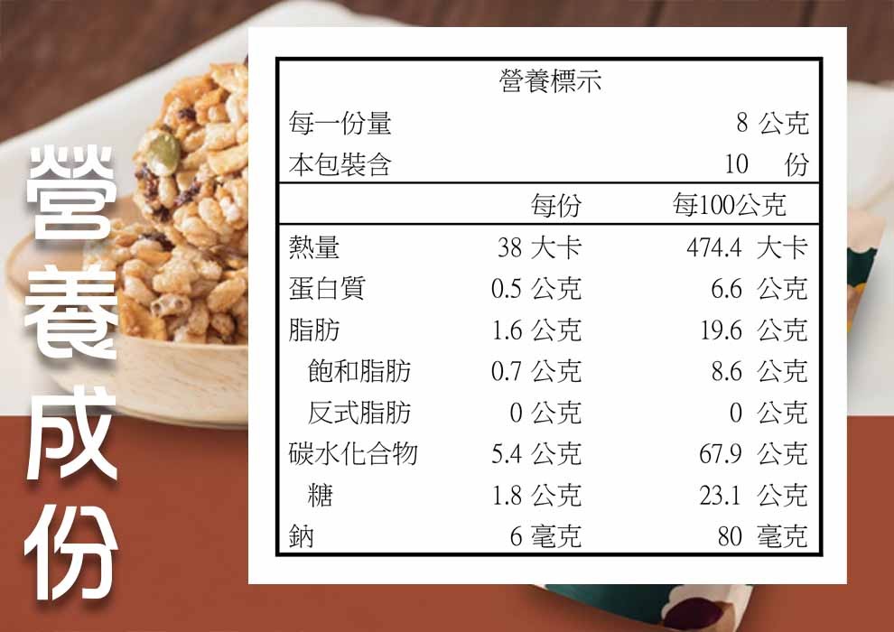 成份:麵粉 、雞蛋、米、南瓜子 桂圓乾、棕櫚油、黑糖、麥芽糖、食鹽、碳酸氫餃(膨脹劑)
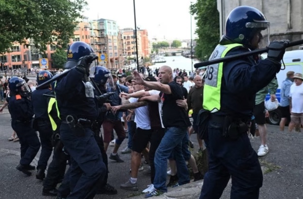 Aktivis sayap kanan bentrok dengan pengunjuk rasa menyusul serangan penikaman di Bristol, Inggris, Sabtu (3/8/2024). Foto: Justin TALLIS / AFP
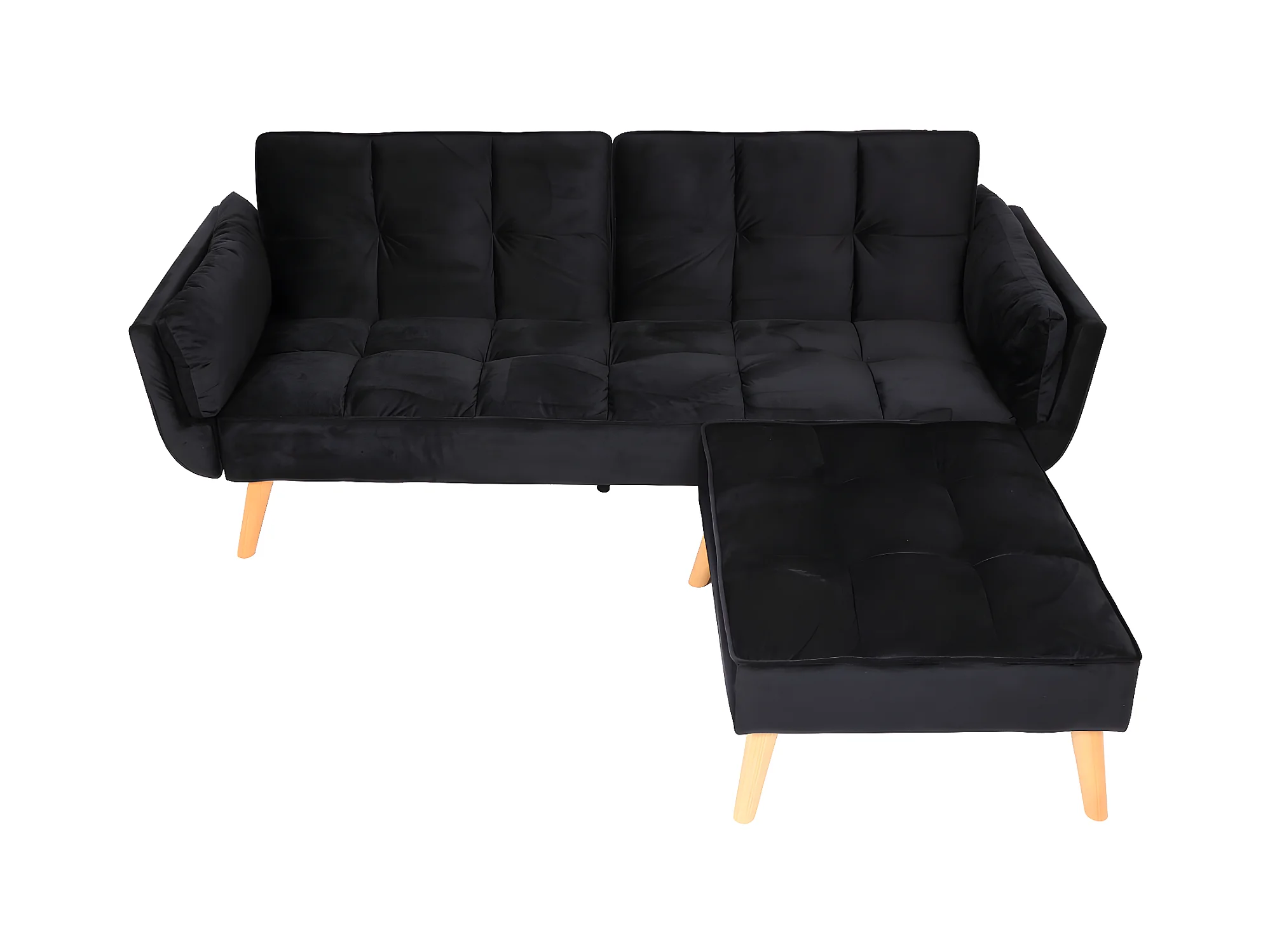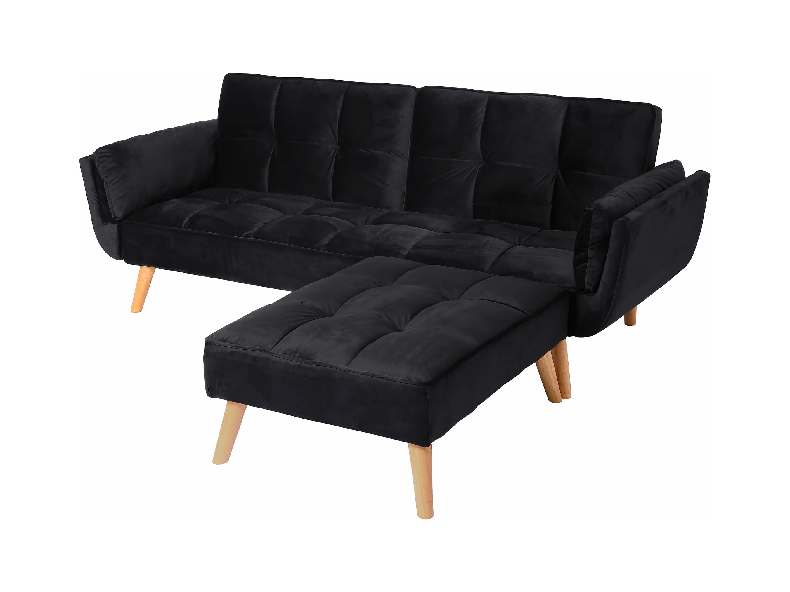 Divano moderno in velluto nero con schienale e braccioli regolabili - per soggiorno, camera da letto o home theater
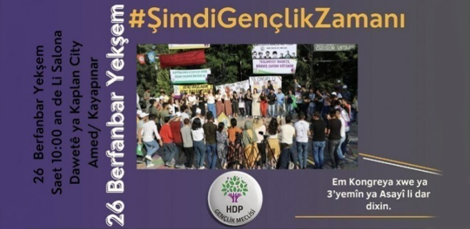 Halkların Demokratik Partisi (HDP) Gençlik Meclisi, “Şimdi gençlik zamanı” şiarıyla 26 Aralık’ta 3’üncü Olağan Kongresi’ni gerçekleştirecek. İstanbul’dan Van’a kongreye hazırlık çalışmalarını sürdüren gençler, 26 Aralık’ta Diyarbakır Kayapınar’da bulunan Kaplan City Salonu’nda buluşacak.
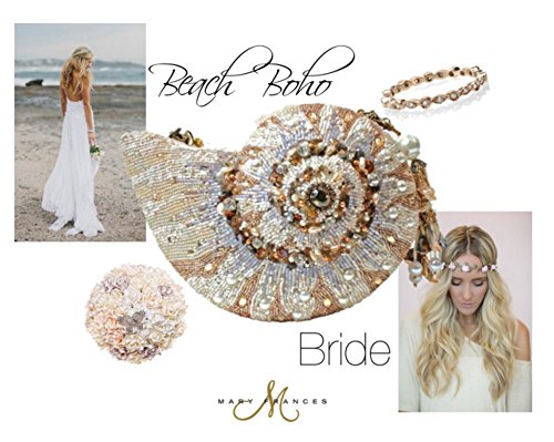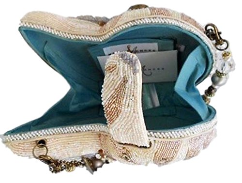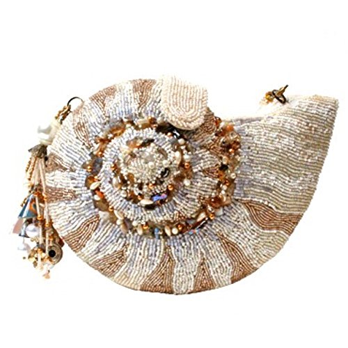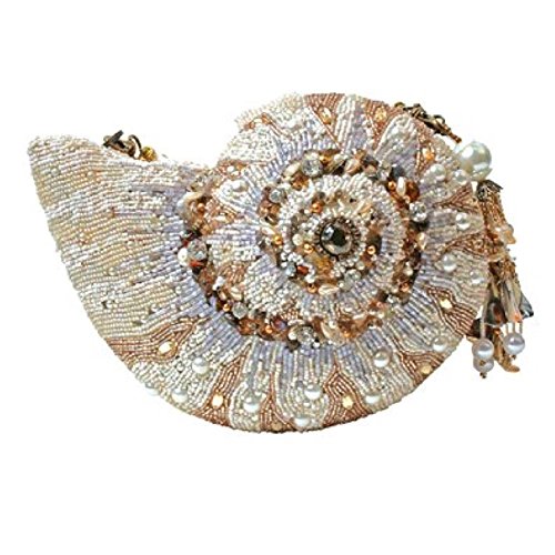 A unique Mary Frances shell handbag, it is a symbol of expansion with elegant hand-picked rhinestones and beads to embody the pastoral serenity of the ocean. This convertible clutch is both functional and fashionable with a large interior. W x D x H: 8" x 2" x 5" Handle Strap Drop: 6" Removable shoulder strap drop length: 15"
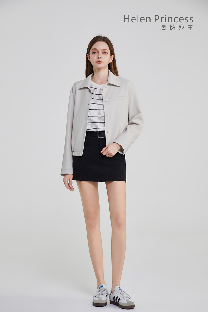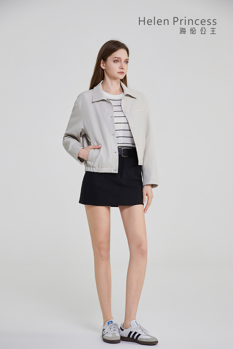 经典翻领设计休闲率性。短款衣身调节身材比例,更加显高显瘦。下摆收腰,防风保暖。整体简约大气风格,百搭时髦,尽显摩登风范。
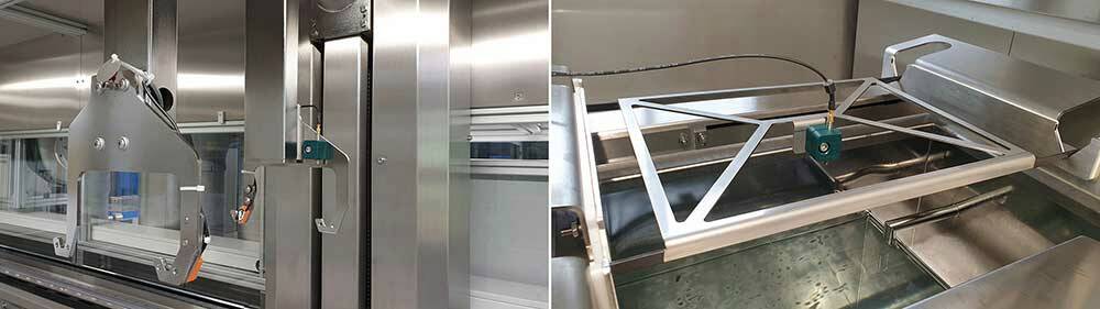 Le système de mesure est proposé en tant que solution fixe pour la surveillance continue et en version portable pour les contrôles occasionnels. Pour les mesures en continu, le microphone est fixé à l'automate de transport de l'installation. Celui-ci se déplace successivement vers les cuves de nettoyage et de rinçage équipées d'ultrasons, ce qui permet d'effectuer les mesures sans contact et de générer des résultats reproductibles. Les valeurs déterminées pour la fréquence et la puissance des ultrasons sont automatiquement transmises au logiciel de la solution de mesure, évaluées par des algorithmes, comparées aux valeurs de consigne préalablement enregistrées et mémorisées. En cas d'écart, le système émet un avertissement ou un message d'erreur.

▶ _Task prompt_: When you reproduce the material, keep every word exact and leave each picture out.

▶ _Exercise solution_:
 成份:麵粉 、雞蛋、米、南瓜子 桂圓乾、棕櫚油、黑糖、麥芽糖、食鹽、碳酸氫餃(膨脹劑)
 Aktivis sayap kanan bentrok dengan pengunjuk rasa menyusul serangan penikaman di Bristol, Inggris, Sabtu (3/8/2024). Foto: Justin TALLIS / AFP
 Divano moderno in velluto nero con schienale e braccioli regolabili - per soggiorno, camera da letto o home theater
 Halkların Demokratik Partisi (HDP) Gençlik Meclisi, “Şimdi gençlik zamanı” şiarıyla 26 Aralık’ta 3’üncü Olağan Kongresi’ni gerçekleştirecek. İstanbul’dan Van’a kongreye hazırlık çalışmalarını sürdüren gençler, 26 Aralık’ta Diyarbakır Kayapınar’da bulunan Kaplan City Salonu’nda buluşacak.
 A unique Mary Frances shell handbag, it is a symbol of expansion with elegant hand-picked rhinestones and beads to embody the pastoral serenity of the ocean. This convertible clutch is both functional and fashionable with a large interior. W x D x H: 8" x 2" x 5" Handle Strap Drop: 6" Removable shoulder strap drop length: 15"
 经典翻领设计休闲率性。短款衣身调节身材比例,更加显高显瘦。下摆收腰,防风保暖。整体简约大气风格,百搭时髦,尽显摩登风范。
 Le système de mesure est proposé en tant que solution fixe pour la surveillance continue et en version portable pour les contrôles occasionnels. Pour les mesures en continu, le microphone est fixé à l'automate de transport de l'installation. Celui-ci se déplace successivement vers les cuves de nettoyage et de rinçage équipées d'ultrasons, ce qui permet d'effectuer les mesures sans contact et de générer des résultats reproductibles. Les valeurs déterminées pour la fréquence et la puissance des ultrasons sont automatiquement transmises au logiciel de la solution de mesure, évaluées par des algorithmes, comparées aux valeurs de consigne préalablement enregistrées et mémorisées. En cas d'écart, le système émet un avertissement ou un message d'erreur.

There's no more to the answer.